5. Dans une clairière parfaitement plane,

 

Dans une clairière parfaitement plane, Robinson mit à jour sous les herbes un beau tronc de myrte sec, sain et de belle venue qui pourrait faire la pièce maîtresse de son futur bateau. Il se mit aussitôt au travail, non sans continuer à surveiller l’horizon qu’il pouvait voir de son chantier, car il espérait toujours la survenue d’un navire. Après avoir ébranché le tronc, il l’attaqua à la hache pour lui donner le profil d’une poutre rectangulaire. Malgré toutes ses recherches dans La Virginie, il n’avait pu trouver ni clous, ni vis, ni vilebrequin, ni même une scie. Il travaillait lentement, soigneusement, assemblant les pièces du bateau comme celles d’un puzzle. Il escomptait que l’eau en faisant gonfler le bois donnerait à la coque une solidité et une étanchéité supplémentaires. Il eut même l’idée de durcir à la flamme l’extrémité des pièces, puis de les arroser après l’assemblage pour mieux les souder dans leur logement. Cent fois le bois se fendit sous l’action soit de l’eau, soit de la flamme, mais il recommençait toujours sans ressentir ni fatigue ni impatience.

Dans ces travaux c’était le manque d’une scie dont Robinson souffrait le plus. Cet outil – impossible à fabriquer avec des moyens de fortune – lui aurait épargné des mois de travail à la hache et au couteau. Un matin, il crut rêver encore en entendant à son réveil un bruit qui ne pouvait être que celui d’un scieur en action. Parfois le bruit s’interrompait, comme si le scieur changeait de bûche, puis il reprenait avec une régularité monotone.

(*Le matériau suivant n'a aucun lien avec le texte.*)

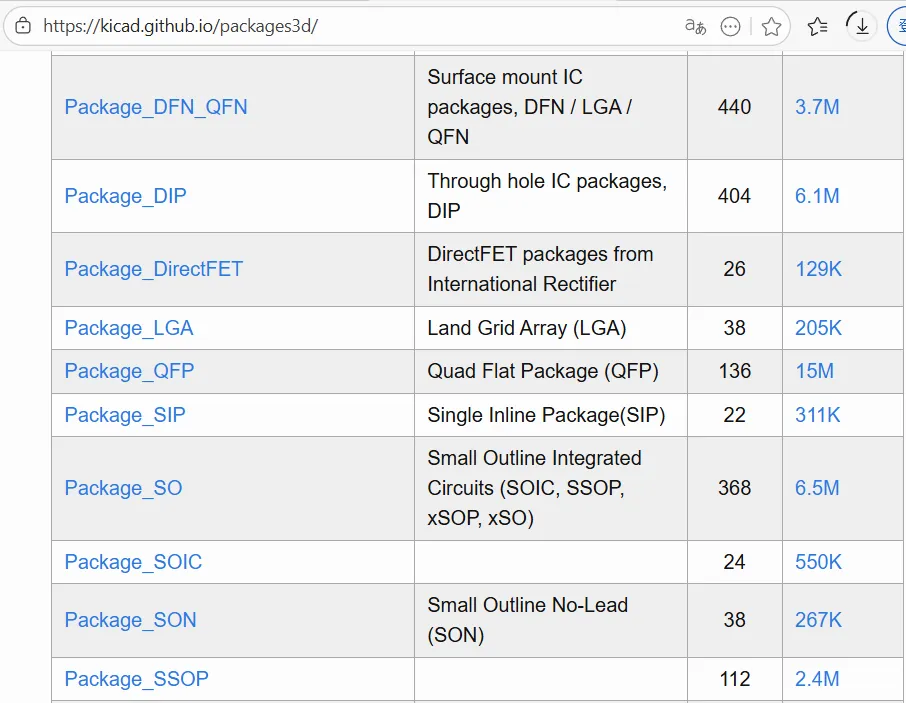 kicad.github.io 上的 3D 模型库专为 KiCad 5.x 设计,虽然与 6.x 及更高版本不兼容。但这个网站的3D文件按器件分类打包成一个文件,不需要一个一个器件的去下载,效率比较高。截取了部分器件列表如下: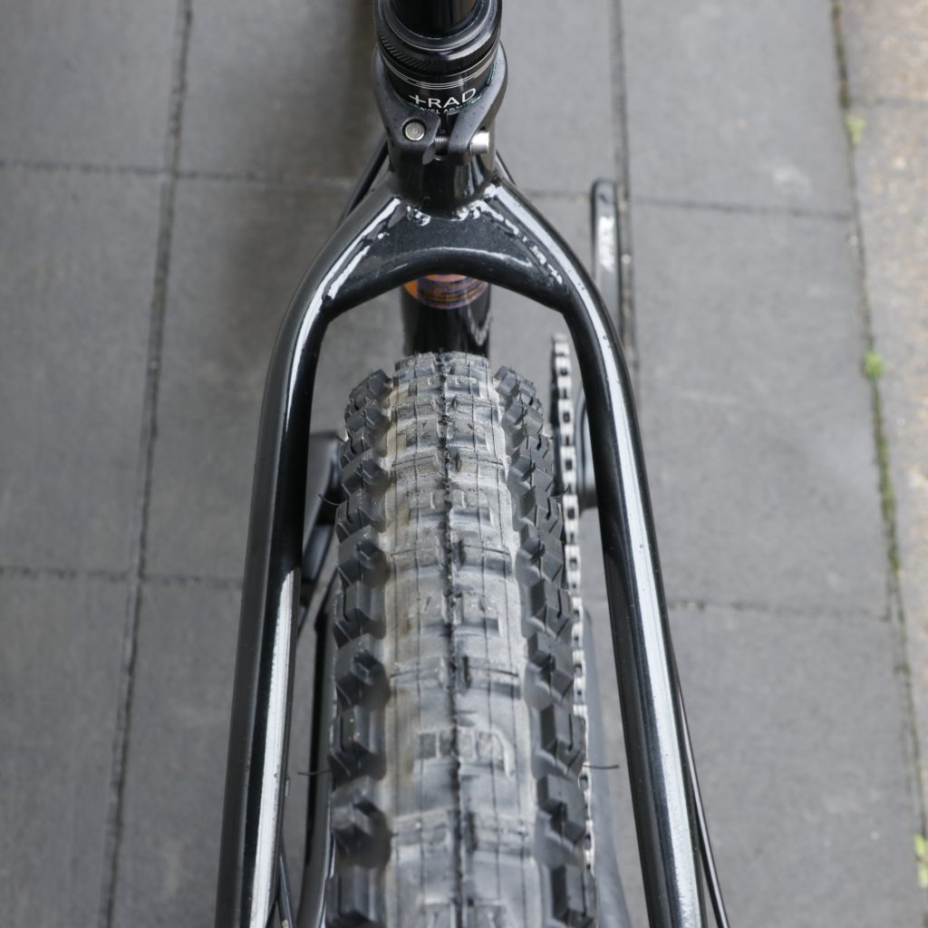 29×2.4のタイヤを楽々飲み込むクリアランスと最短417mmというロードバイクの様な短いリアセンターを実現。

Robinson sortit doucement du trou de rocher où il avait l’habitude de dormir, et il avança à pas de loup vers l’endroit d’où provenait le bruit. D’abord il ne vit rien, mais il finit par découvrir au pied d’un palmier un crabe gigantesque qui sciait avec ses pinces une noix de coco serrée dans ses pattes. Dans les branches de l’arbre, à six mètres de haut, un autre crabe cisaillait la queue des noix pour les faire tomber. Les deux crabes ne parurent pas du tout gênés par l’arrivée de Robinson et ils poursuivirent tranquillement leur bruyant travail.